CIT 594 Idioms for Recursion
Spring 2011, David Matuszek

It seems that a number of students are still having trouble with recursion. Maybe this page will help.

# The four rules

I've given four rules for doing recursion in class. They are:

1. Handle the base case(s) first.
2. Recur only with a simpler case.
3. Do not both read and modify external variables. (It's best to use only parameters and local variables.)
4. Don't look down. (That is, think about only one level of the recursion, and get that one right.)

# When to use recursion

There are a lot of times you can use recursion. However, whenever you are dealing with a recursively defined data structure, you probably should use recursion. Think about how the data structure is defined; that tells you where the recursion should be. (Note: Examples are pseudocode, and have not been tested.)

Definition Idiom Examples
A linked list is a node containing:
• A value, and
• A reference to a linked list.
Do something with the head (first element) of the list, and recur with the tail (rest of the list).

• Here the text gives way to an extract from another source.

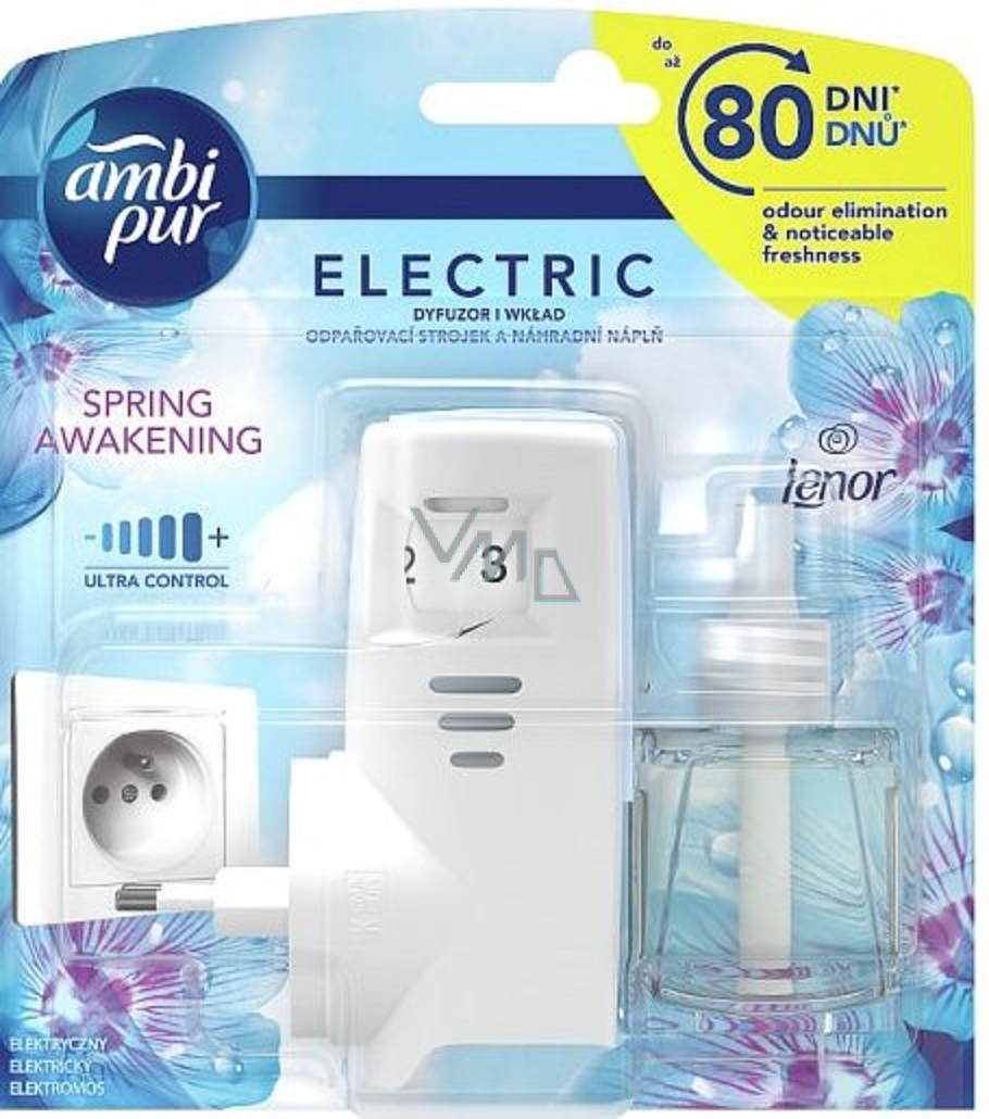 Startovací sada elektrického osvěžovače vzduchu Ambi Pur s technologií OdourClear nepřetržitě odstraňuje nepříjemné vytrvalé pachy a zanechává lehkou svěží vůni až 80 dnů (pokud se používá 12 hodin denně při nastavení na úroveň 2). Wiosenne Przebudzenie je lehká vůně zeleně inspirovaná jarní přirozenou svěžestí Lenoru. Vytvořte si prostředí podle svých představ s elektrickým osvěžovačem vzduchu Ambi Pur a širokou škálou kvalitních vůní, které skutečně eliminují zápach, abyste si mohli vy i vaši hosté užívat příjemnou svěžest.

```int add(List L) {     if (L == null) return 0;     else return L.value + add(L.next); }```

``` void printList(List L) {     if (L == null) return;     print (L.value);     printList(L.next); }```

A binary tree is a node containing:

• A value,
• A left subtree, and
• A right subtree

where the "subtrees" are themselves binary trees.

Preorder: (1) Do something with the root, (2) recur with the left subtree, (3) recur with the right subtree.

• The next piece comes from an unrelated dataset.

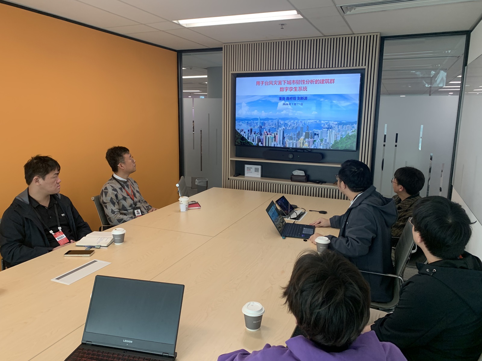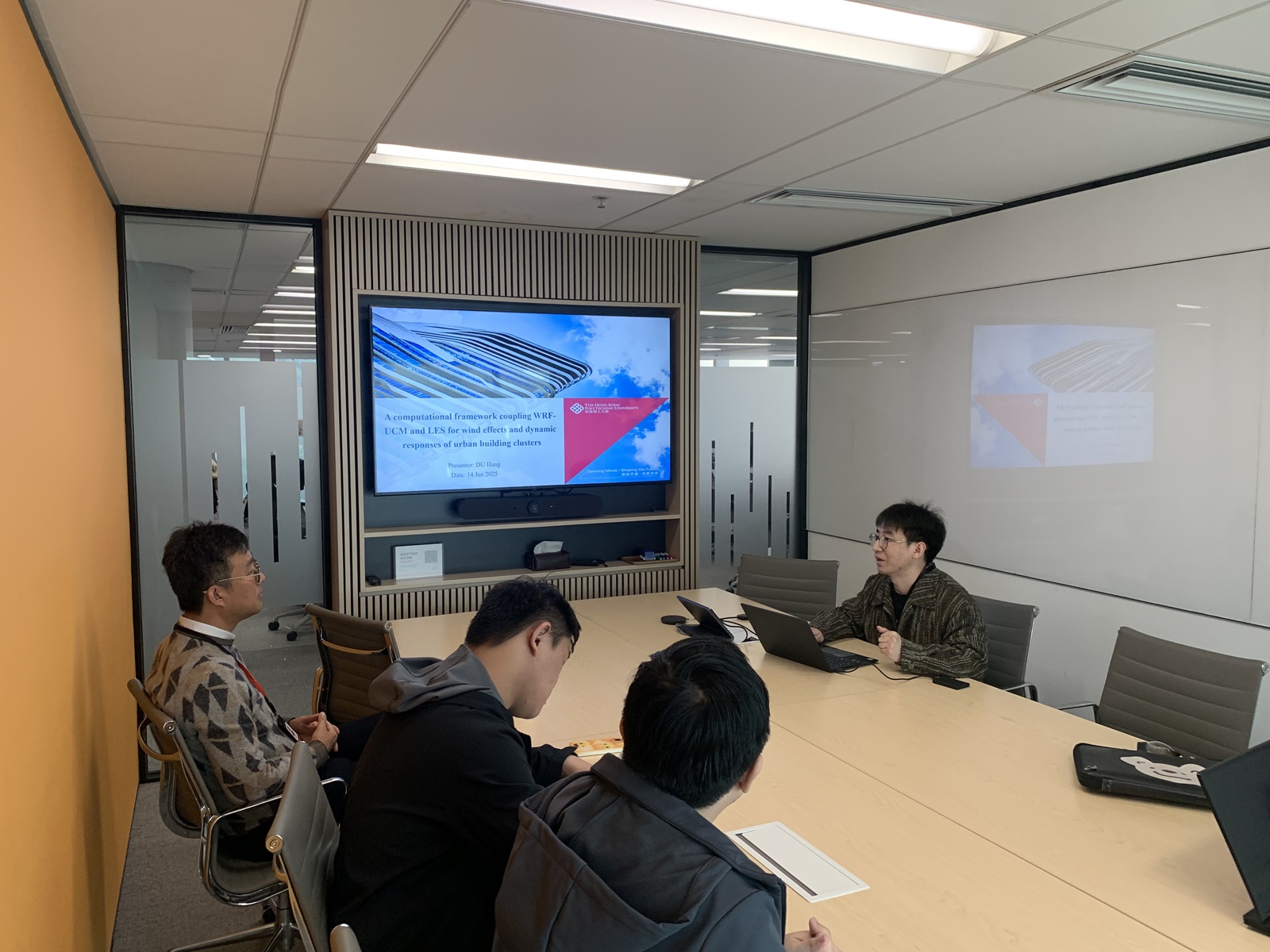 On the afternoon of 14 Jan 2026, Dr. Yue Dong, Dr. Xiu-Yu Chen, Mr. Hang Du, Mr. Zi-Xuan Zeng, and Mr. Xin-Yuan Liu visited Arup and held a meeting with Dr. Xiao-Ye Yu on research related to high-rise buildings. Mr. Hang Du presented a case study of the Shenzhen Galaxy Twin Towers, introducing a coupled WRF and LES approach for evaluating wind loads and wind-induced responses of high-rise buildings. Dr. Yue Dong introduced a digital twin framework for building clusters, covering automated building geometry modeling, local wind field prediction, and wind speed time history analysis. The discussion also covered topics including the simplification of building-cluster models in Hong Kong, Hong Kong bridge wind resistant design codes, and LiDAR data analysis.

Inorder: (1) Recur with the left subtree, (2) do something with the root, (3) recur with the right subtree.

Postorder: (1) Recur with the left subtree, (2) recur with the right subtree, (3) do something with the root.

```int add(BinaryTree B) {     if (B == null) return 0;     return B.value + add(B.leftChild)                   + add(B.rightChild); } ```

```void inorderPrint(BinaryTree B) {     if (B == null) return;     inorderPrint(B.leftChild);     print (B.value);     inorderPrint(B.rightChild); }```

A tree is a node containing:

• A value, and
• One or more subtrees.

Preorder: (1) Do something with the root, and (2) recur with each child.

Postorder: (1) Recur with each child, and (2) do something with the root.

```int add(Tree T) {     if (T == null) return 0;     int sum = T.value;     for (Tree child : T.children) {         sum += add(child);     }     return sum; }```

```void printTree(Tree T, String indent) {     if (T == null) return;     print (indent + T.value);     for (Tree child : T.children) {         printTree(T.child, indent + "   ");     } } ```

# Parsing a string

In the current assignment you are supposed to parse a list of words into a tree. But a list of words doesn't have a recursive structure--at least, it doesn't have the same kind of recursive as a tree.

Or does it?

For simplicity, I am going to ignore blocks for a while. I am also going to ignore strings that result in a sequence of trees. For example, the string `"while less-than? x 100 set x times x 2"` is fine--it gives a single tree--but `"set x 1 set y 2"` is two separate trees. That can wait.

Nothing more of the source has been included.